Так я и сбыл его с рук; но через месяц он вдруг снова предстал моему изумленному взору, и уже не с веселою улыбкою, а в самом строгом чине и начал на вы.
— Вы, — говорит, — на меня когда-то роптали и сердились.
— Никогда, — отвечаю, — я на вас не роптал.
Думаю, черт с тобой совсем: еще и за это достанется.
— Нет, уж это, — говорит, — мне обстоятельно известно; вы даже обо мне никогда ничего не говорите, и тогда, когда я к вам, как к товарищу, с общею радостною вестью приехал, вы и тут меня приняли с недоверием; но бог с вами, я вам все это прощаю. Мы давно знакомы, но вы, вероятно, не знаете моих правил: мои правила таковы, чтобы за всякое зло платить добром.
«Да, — думаю себе, — знаю я: ты до дна маслян, только тобой подавишься», и говорю:
— Вы очень добры.
— Совсем нет; но это, извините меня, самое злое и самое тонкое мщение — платить добром за оскорбления. Вот в чем вопрос: хотите ли вы ехать за границу?
— Как, — говорю, — за какую за границу?
— За какую! Уж, конечно, за западную: в Париж, в Лондон, — в Лондоне теперь чудные дела делаются * …Что там только печатается!.. Там восходит наша звезда * , хотите почитать?

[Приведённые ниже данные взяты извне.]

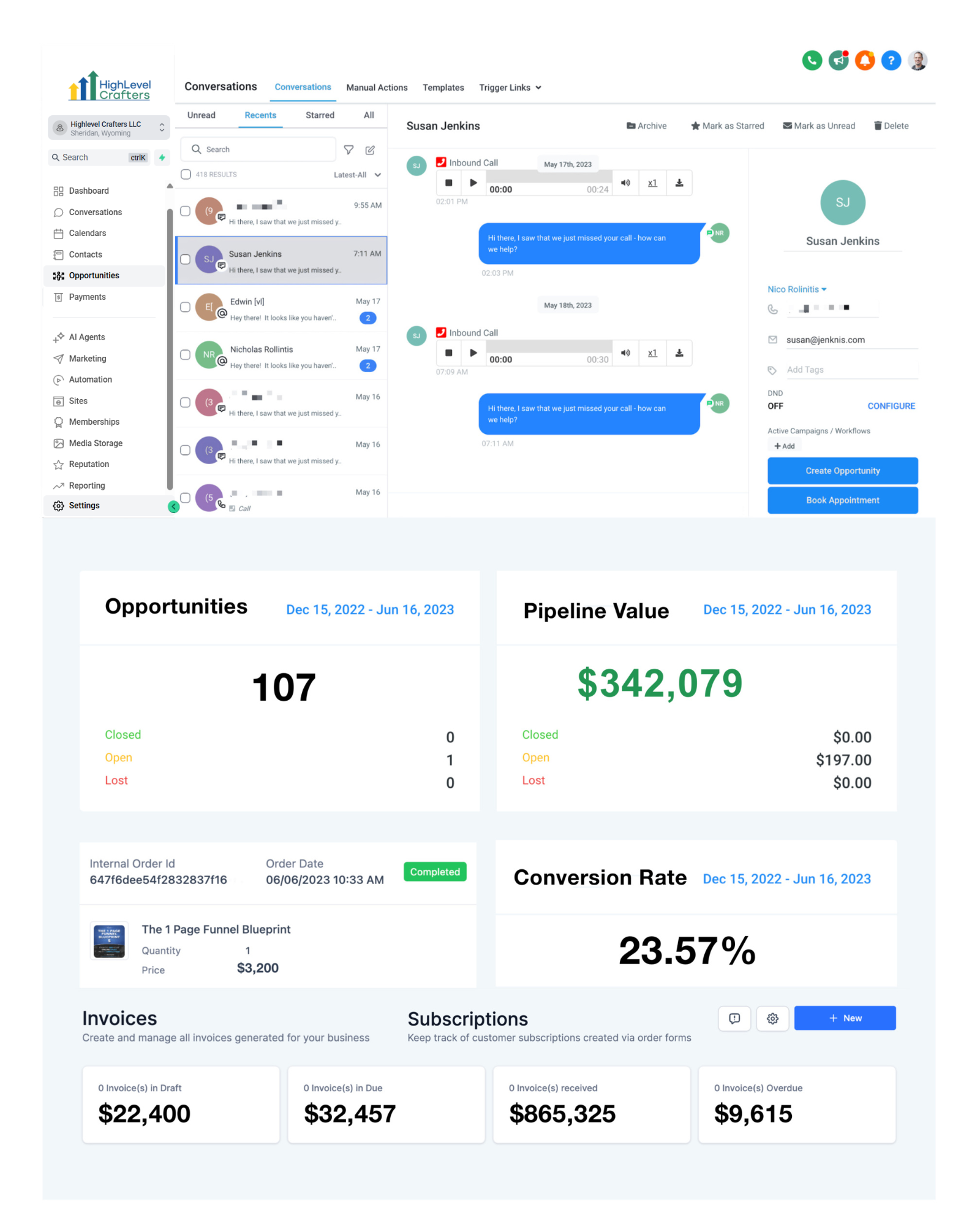 What makes Highlevel Crafters different is our fully integrated CRM. You can access, track, and manage your incoming leads, deal pipeline, opportunities, and client's in real time.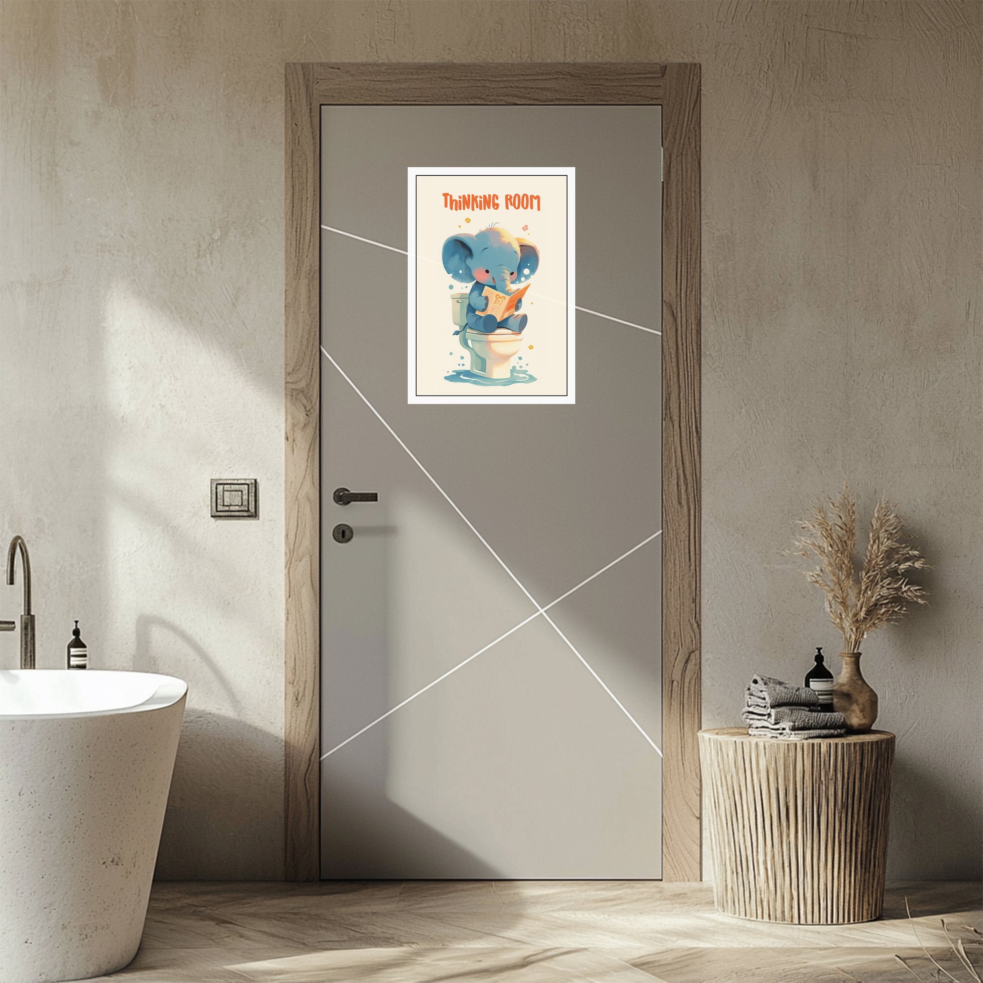 Thinking Room Bathroom Door Sticker, Elephant and Panda Design, Water Proof Sticker, Bathroom Decor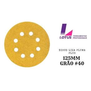 - 10 Discos de Lixa Pluma Lotus Plus Grão #40 125mm.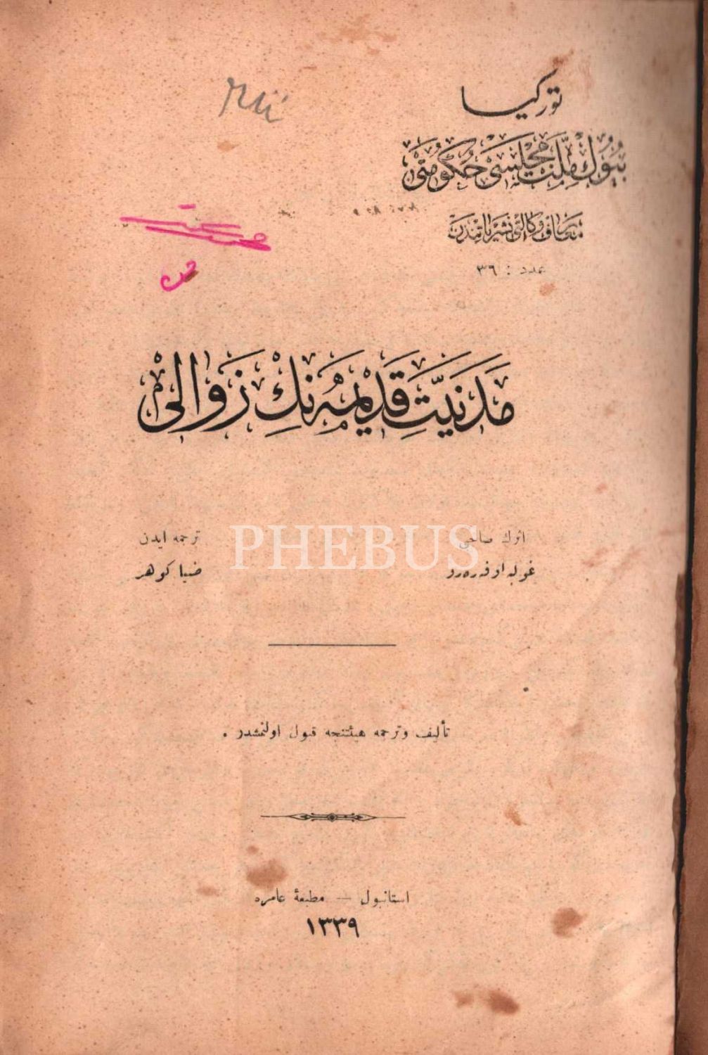 4 eser tek ciltte: MEDENİYYET-İ KADÎMENİN ZEVÂLİ, Guglielmo Ferrero, çev. Ziya Gevher, Amire Matbaası, İstanbul 1339, 99 s.;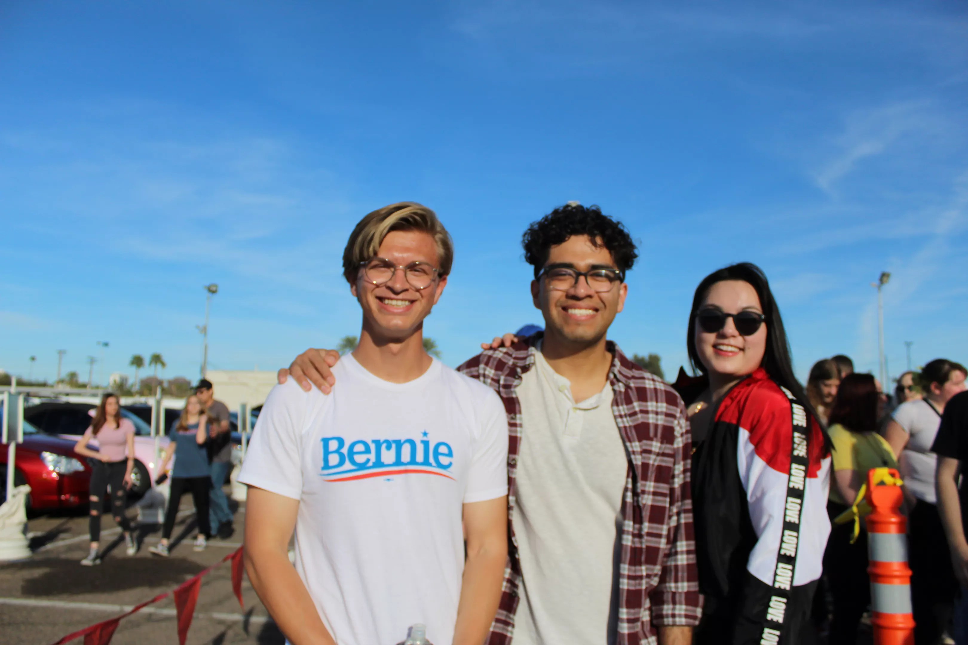 A diverse, youthful crowd of Sanders supporters gathered to hear the independent senator speak at the Arizona Veterans Memorial Coliseum on Thursday, filling about two-thirds of the 14,000 capacity venue. The turnout was nevertheless a stark contrast to the packed stadium when Republican incumbent President Trump took the same stage three weeks before.

— Нет, — говорю, — не хочу.
— Но отчего же?
— Да так, не хочу, да и только…
— И ехать не хотите?
— Нет, ехать хочу, но…
— Что за но…
— Но меня, — говорю, — не пустят за границу.
— Отчего это не пустят? — и Постельников захохотал. — Не оттого ли, что ты именинник-то четырнадцатого декабря… Э, брат, это уже все назади осталось; теперь на политику иной взгляд, и нынче даже не такие вещи ничего не значат. Я, я, — понимаешь, ятебе отвечаю, что тебя пустят. Ты в отпуск хочешь или в отставку?
— Ах, зачем же, — отвечаю, — в отпуск! Нет, уж я, если только можно, в чистую отставку хочу.
— Ступай и в отставку, подавай по болезни рапорт — и катай за границу.
— Да мне никто и свидетельства, — говорю, — не даст, что я болен.
Постельников меня за это даже обругал.
— Дурак! — говорит, — ты извини меня: просто дурак! Да ты не хочешь ли, я тебе достану свидетельство, что ты во второй половине беременности?
— Ну, уж это, — говорю, — ты вздор несешь!
— Держишь пари?
— И пари не хочу.
— Нет, пари! держи пари.
И сам руку протягивает.
— Нечего, — говорю, — и пари держать, потому что все это вздор.
— Нет, ты держи со мною пари.
— Сделай милость, — говорю, — отстань, мне это неприятно.